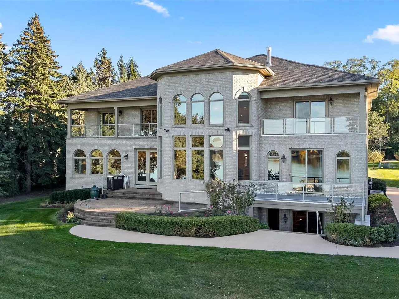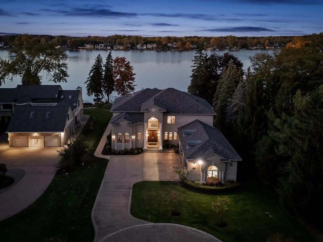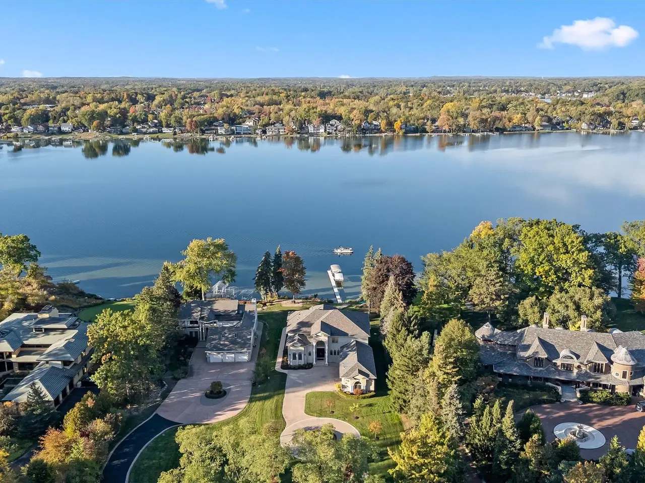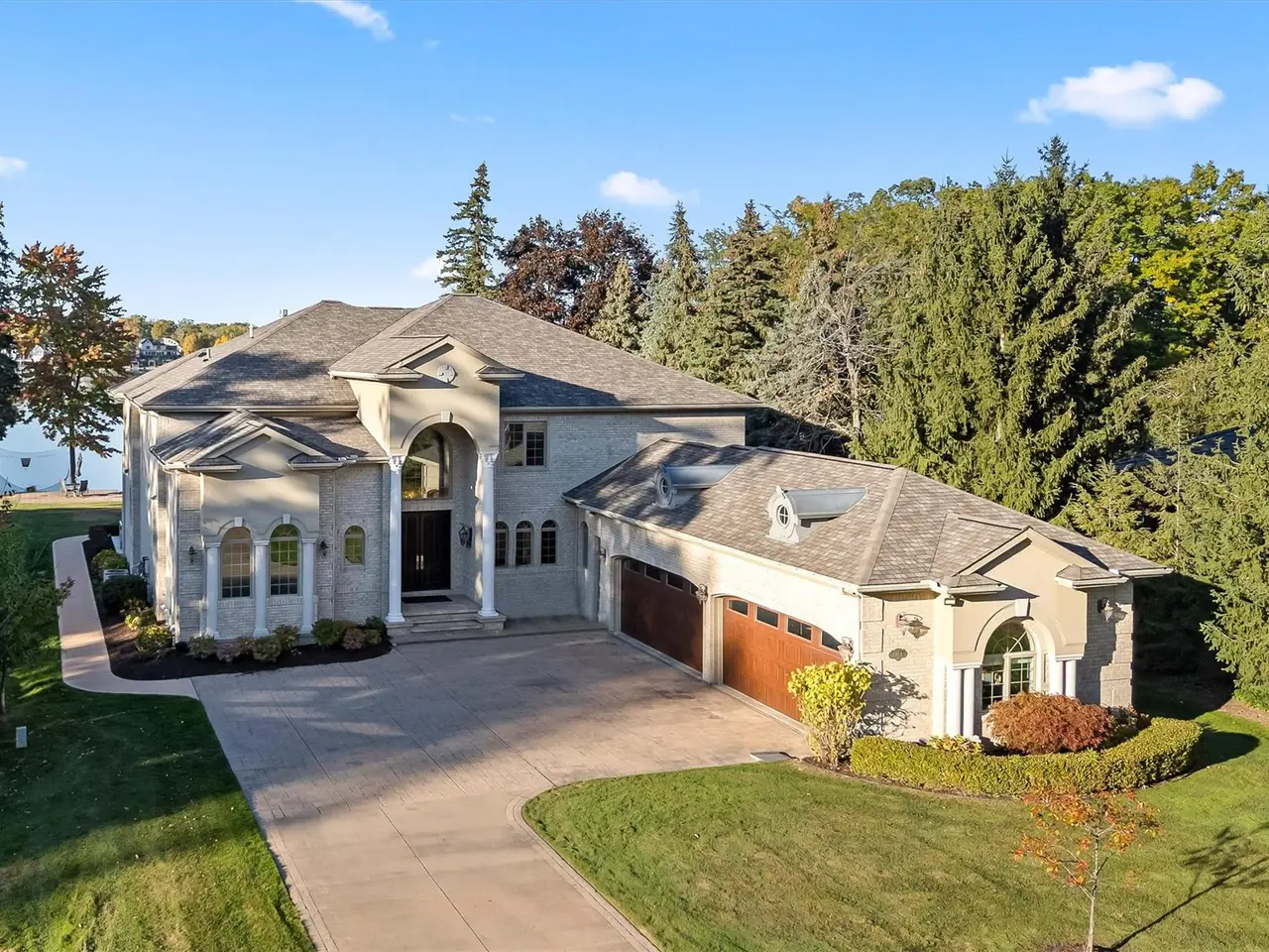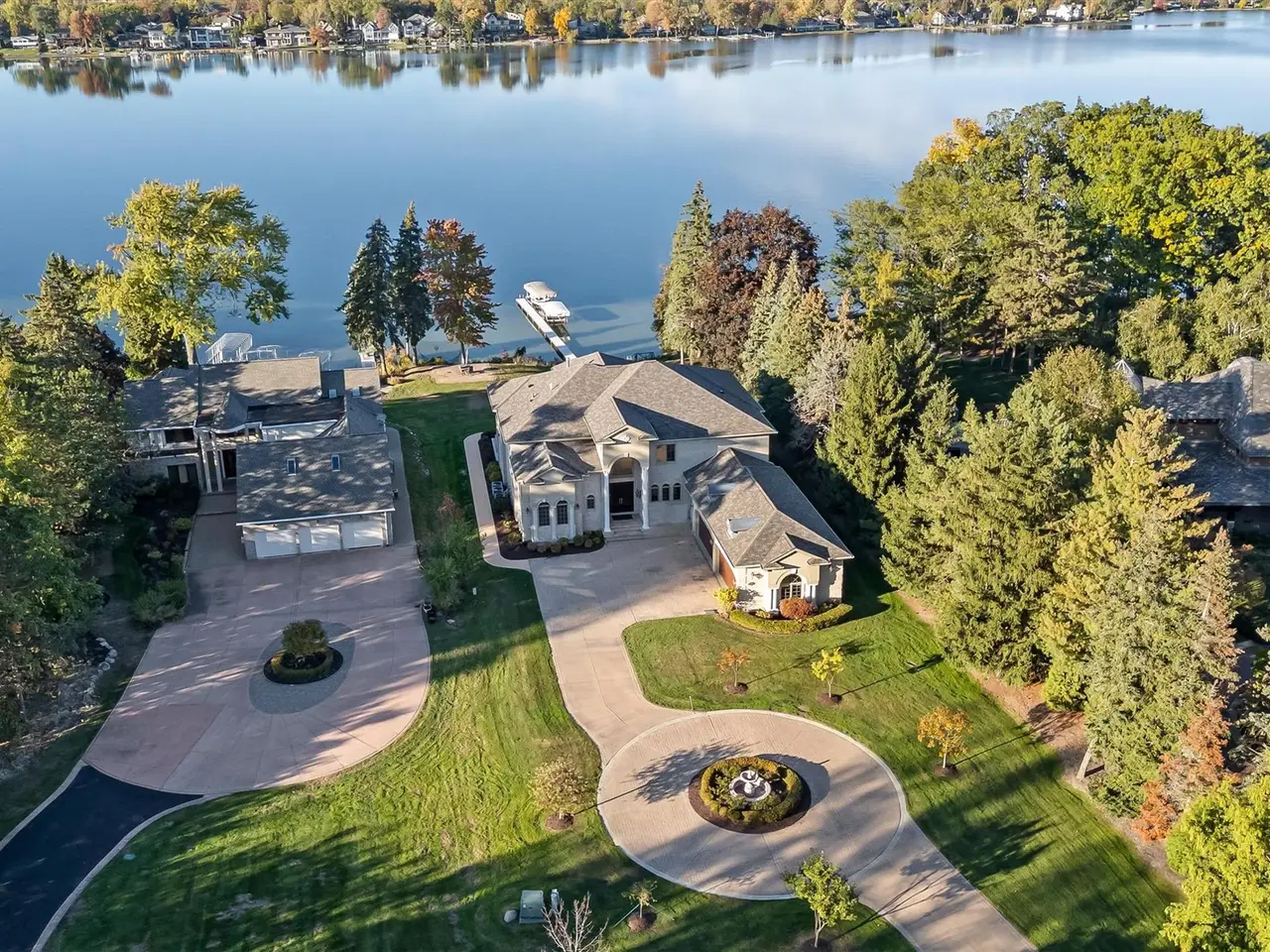 Situated on Dow Ridge Road, one of the most prestigious streets in Oakland County, and certainly the epitome of Cass Lake living. Perched above the shoreline on just over three quarters of an acre lot. 108' of crystal clear, sandy shoreline. Newer built in 2012. Long double-wide driveway, with circular fountain area, provides ample parking for large gatherings. Grand two-story foyer and great room. The great room offers floor-to-ceiling windows with magnificent unobstructed views of the lake. Library/office with custom built-ins. Bright, white gourmet granite kitchen, oversized island with countertop seating, and premium stainless steel appliances: SubZero refrigerator and freezer, Wolf gas range, KitchenAid dishwasher. Walk-in pantry. Full back hall bath, great when coming off a day on the lake. Desirable first-floor primary suite, doorwall to deck, dual walk-in closets. Curved hardwood and wrought iron staircase. Three en-suites upstairs all facing the lake with their own balconies, granite baths and walk-in closets. The second floor loft/office area could easily be enclosed to create an additional bedroom. Lower-level walk-up, second full kitchen, exercise area, 5th en-suite. Lower level kitchen has two side-by-side six burner gas ranges. Dual staircases, solid core doors, palladium windows, Generator, new roof 2025, interior freshly painted 2025. New tile balcony with a glass railing. Unable to duplicate lot and home for this price. Room for a pool in the backyard. Large brick-paver lakefront patio. Four car garage. West Bloomfield Schools: Gretchko Elementary, new West Bloomfield Middle & West Bloomfield High. Experience lakefront living at its finest!
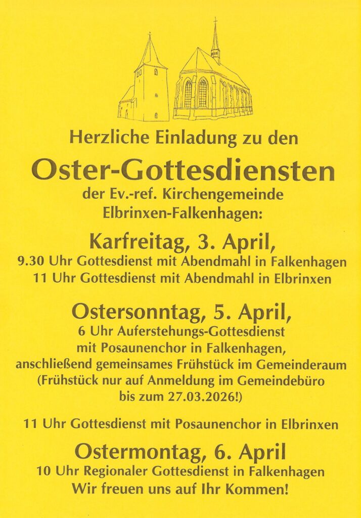 Herzliche Einladung zu den Ostergottesdiensten der Ev.-ref. Kirchengemeinde Elbrinxen-Falkenhagen!
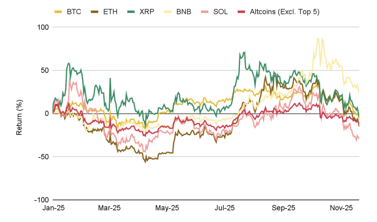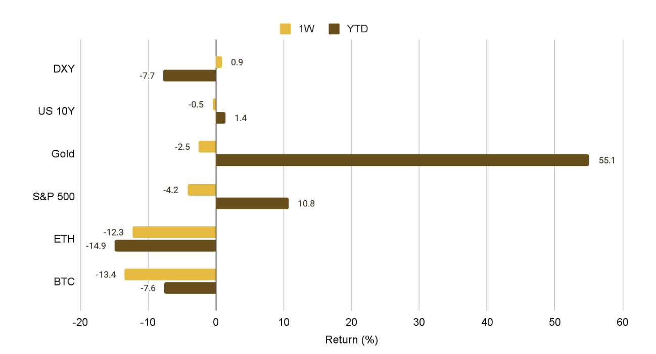 시장이 상당한 불확실성에 직면하면서 자산 가격은 전반적으로 하락했습니다. 엔비디아의 어닝 서프라이즈와 구글의 제미나이 3 출시로 인한 AI 주도 상승세에도 불구하고 S&P 지수는 하락했습니다. 금은 지난 몇 주간의 역사적인 랠리 이후 열기가 식었습니다. 비트코인과 이더리움은 특유의 높은 변동성을 보이며 각각 9%, 11% 큰 폭으로 하락했는데, 이는 투자자들이 엇갈린 거시경제 데이터에 직면하여 전반적으로 차익 실현에 나선 것으로 보입니다.
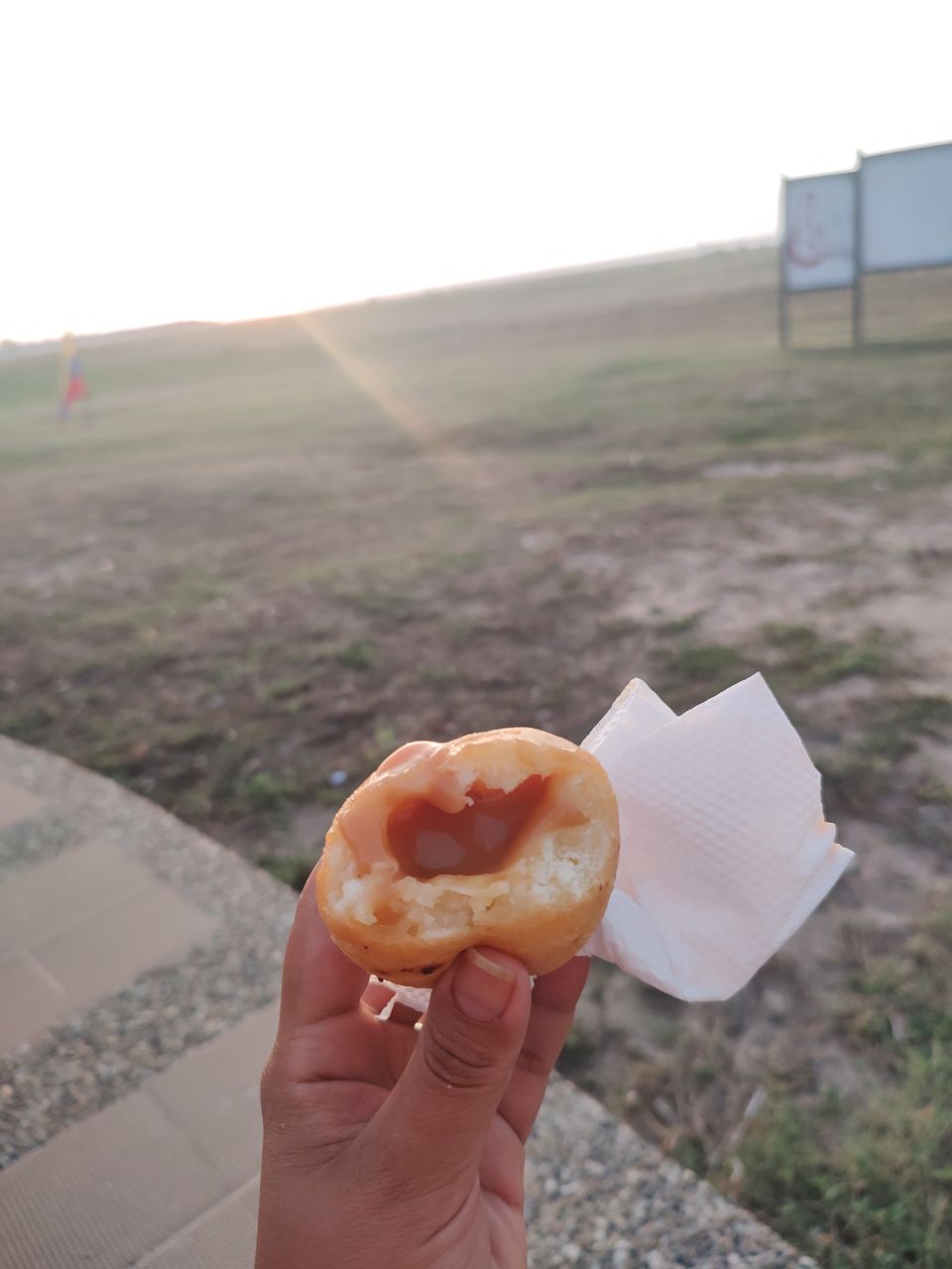 Por la misma avenida principal que recorrí, de regreso conseguí una especie de feria de comida donde había diferentes opciones para comer. Me compré unos buñuelos y una limonada de coco. Ambos estaban increíbles!
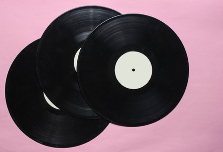 retro dusty vinyl disc with favorite songs and pink hearts on a pink background
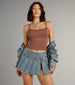 This spaghetti strap crop top is the kind of basic you’ll wear on repeat. Soft, fitted, and super versatile, it’s ready for gym days, coffee runs, or layering under your fave jacket.
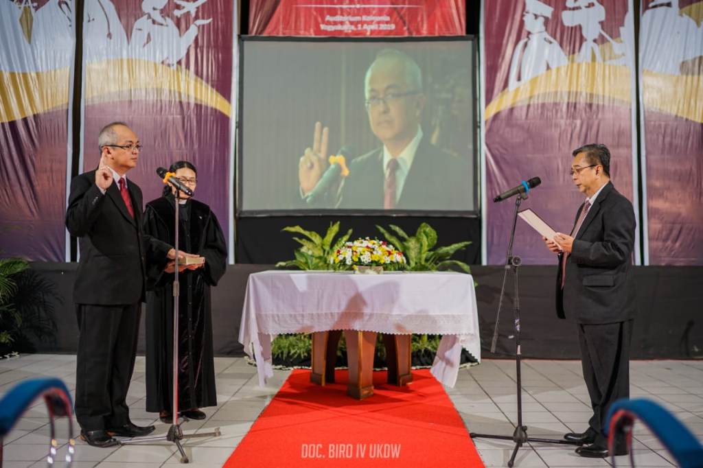 Acara pelantikan yang digelar di Auditorium Koinonia Universitas Kristen Duta Wacana (UKDW) ini dihadiri sejumlah tamu undangan. Di antaranya perwakilan LLDIKTI (Lembaga Layanan Pendidikan Tinggi (LL Dikti) Wilayah V, para pemangku kepentingan bidang pendidikan, serta seluruh sivitas akademika UKDW.
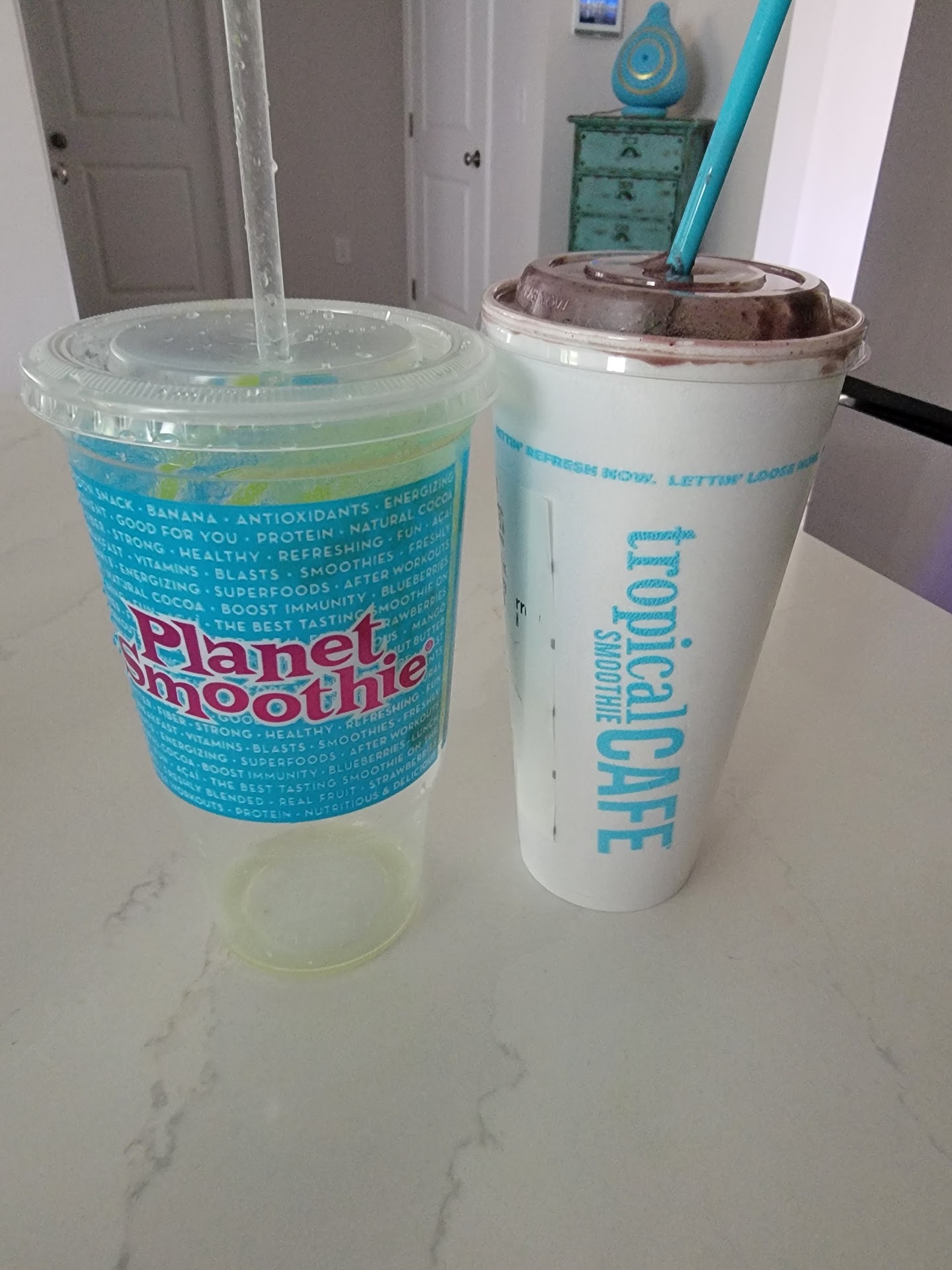 I have started going to Tropical Amoothoe which is 1.5 miles from my house, STILL uses Styrofoam cups, AND my smoothie could sit on the counter, my desk, or my living room table for hours without losing that icy, frosted consistency.
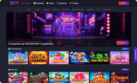 SuperGra Casino – це українське ліцензійне онлайн-казино з крутими місіями для гравців. На проєкті ви побачите низку захоплюючих турнірів, акцій, лотерей з реальними призами для гравців. SuperGra Casino гарантує своїм гравцям безпеку та надійність. На проєкті ви знайдете найкращих слот-провайдерів: 3 Oaks, Playson, Pragmatic Play, BGaming, Play'n'Go, Pushgaming, PGsoft, Endorphina, Platipus, 1spin4win, Wazdan, та багато інших всесвітньо відомих постачальників ігор. Також SuperGra Casino пропонує низку лайв-дилерів з іграми блек-джек, рулеткою, покером, баккарою та іншими. Саме тут гравці отримують незабутні враження та виграші щодня, щотижня, щомісяця!
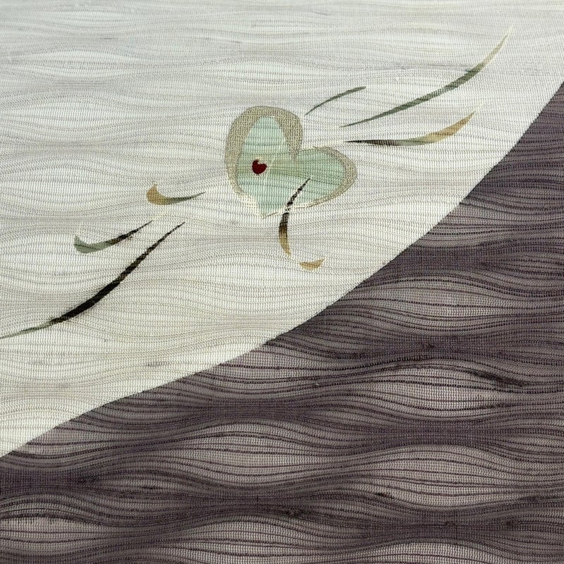 夏帯でございます。 セミフォーマルでお使いいただける名古屋帯でございます。 見る人に重たい印象を感じさせない女性ならではの、気品豊かな一品です。 表地所々にヤケ、お太鼓垂境間にシミ、お太鼓と前柄に金彩の変色がございます。 リユース品としては良い状態で、まだまだご活用頂けると思われます。 ※なお、厳しく商品の状態確認を行っておりますが、記載の汚れ以外にも見落とし箇所がある可能性がある旨ご了承いただけますと幸いです。 沢山の商品の中からご覧いただき誠にありがとうございます。

**********

The expected output is the lines above from the one containing "Por la misma" to the one containing "I have started", both ends included, reproduced exactly with every picture left out.

Exercise output:
 Por la misma avenida principal que recorrí, de regreso conseguí una especie de feria de comida donde había diferentes opciones para comer. Me compré unos buñuelos y una limonada de coco. Ambos estaban increíbles!
 retro dusty vinyl disc with favorite songs and pink hearts on a pink background
 This spaghetti strap crop top is the kind of basic you’ll wear on repeat. Soft, fitted, and super versatile, it’s ready for gym days, coffee runs, or layering under your fave jacket.
 Acara pelantikan yang digelar di Auditorium Koinonia Universitas Kristen Duta Wacana (UKDW) ini dihadiri sejumlah tamu undangan. Di antaranya perwakilan LLDIKTI (Lembaga Layanan Pendidikan Tinggi (LL Dikti) Wilayah V, para pemangku kepentingan bidang pendidikan, serta seluruh sivitas akademika UKDW.
 I have started going to Tropical Amoothoe which is 1.5 miles from my house, STILL uses Styrofoam cups, AND my smoothie could sit on the counter, my desk, or my living room table for hours without losing that icy, frosted consistency.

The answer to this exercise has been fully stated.